▸ Problem requirements
Without the pictures, repeat the listing character for character.

▸ Data
########

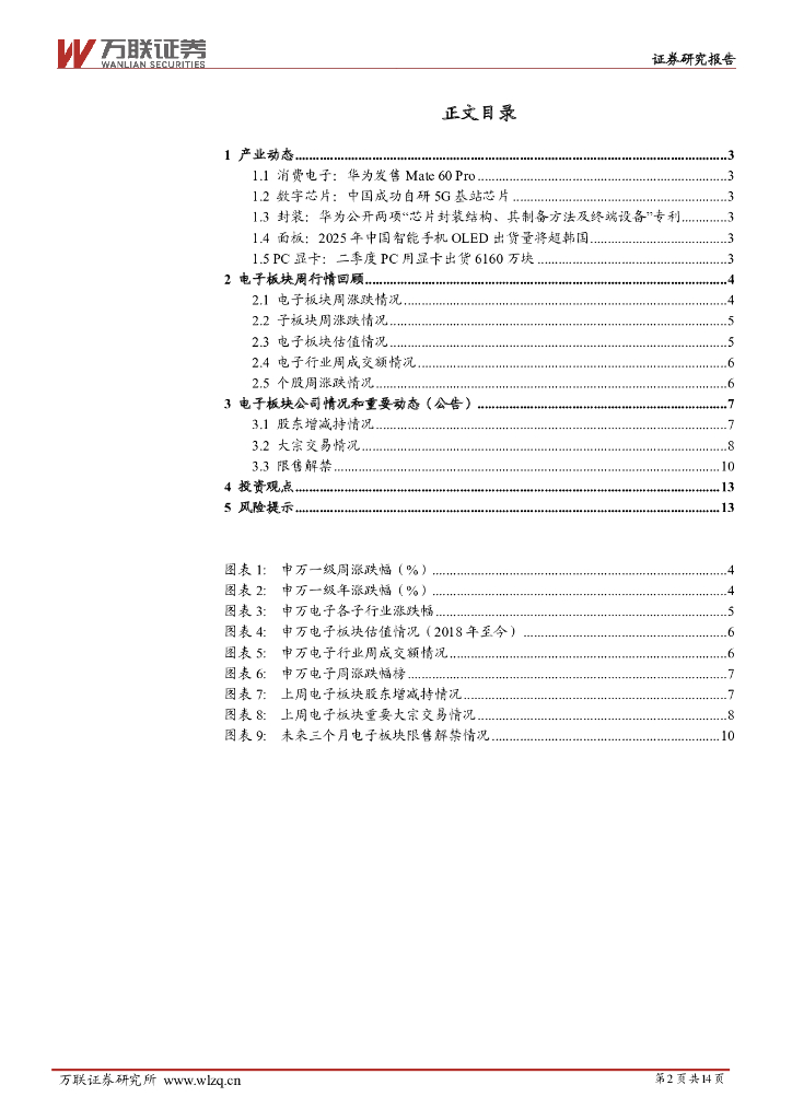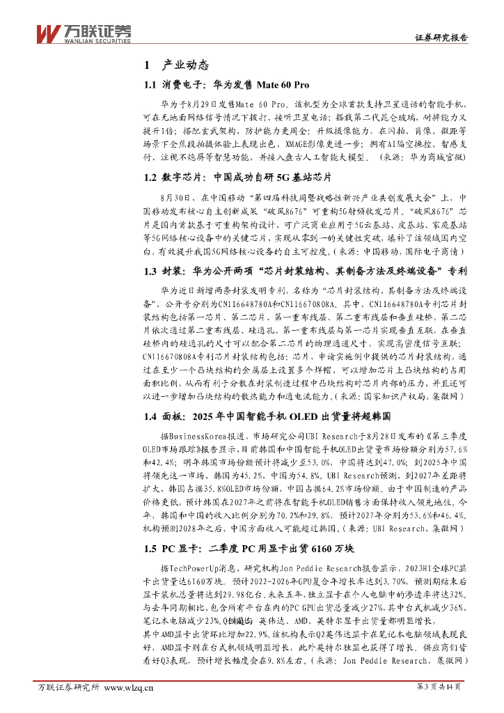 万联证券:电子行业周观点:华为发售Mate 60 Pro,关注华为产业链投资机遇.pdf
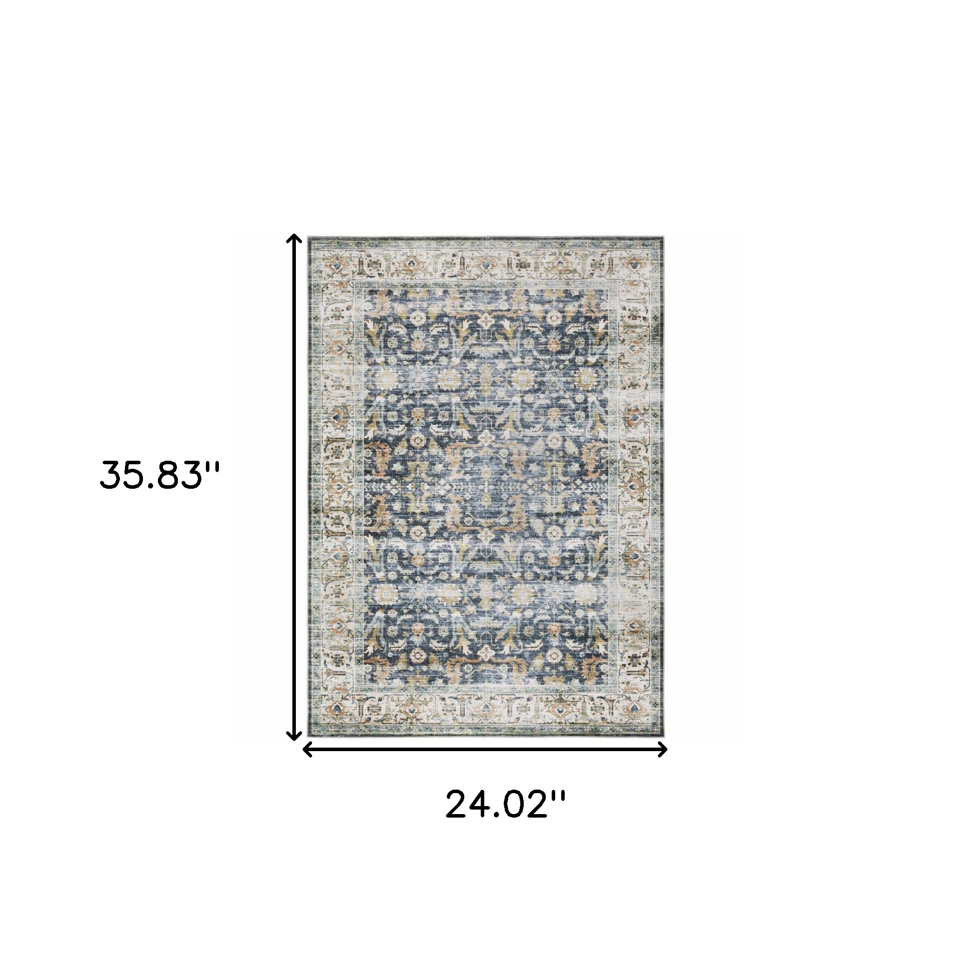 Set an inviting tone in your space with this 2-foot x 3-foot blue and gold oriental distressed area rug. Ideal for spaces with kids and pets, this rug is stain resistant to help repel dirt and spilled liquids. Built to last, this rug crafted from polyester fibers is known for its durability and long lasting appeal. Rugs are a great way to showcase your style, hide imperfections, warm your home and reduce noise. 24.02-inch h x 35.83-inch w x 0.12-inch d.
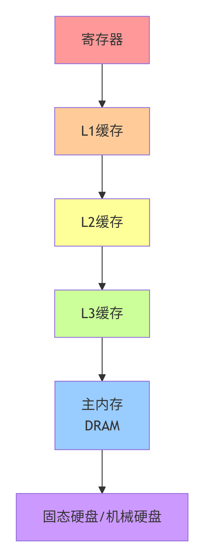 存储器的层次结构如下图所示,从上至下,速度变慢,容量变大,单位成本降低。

########

▸ Solved exercise
 万联证券:电子行业周观点:华为发售Mate 60 Pro,关注华为产业链投资机遇.pdf
 Set an inviting tone in your space with this 2-foot x 3-foot blue and gold oriental distressed area rug. Ideal for spaces with kids and pets, this rug is stain resistant to help repel dirt and spilled liquids. Built to last, this rug crafted from polyester fibers is known for its durability and long lasting appeal. Rugs are a great way to showcase your style, hide imperfections, warm your home and reduce noise. 24.02-inch h x 35.83-inch w x 0.12-inch d.
 存储器的层次结构如下图所示,从上至下,速度变慢,容量变大,单位成本降低。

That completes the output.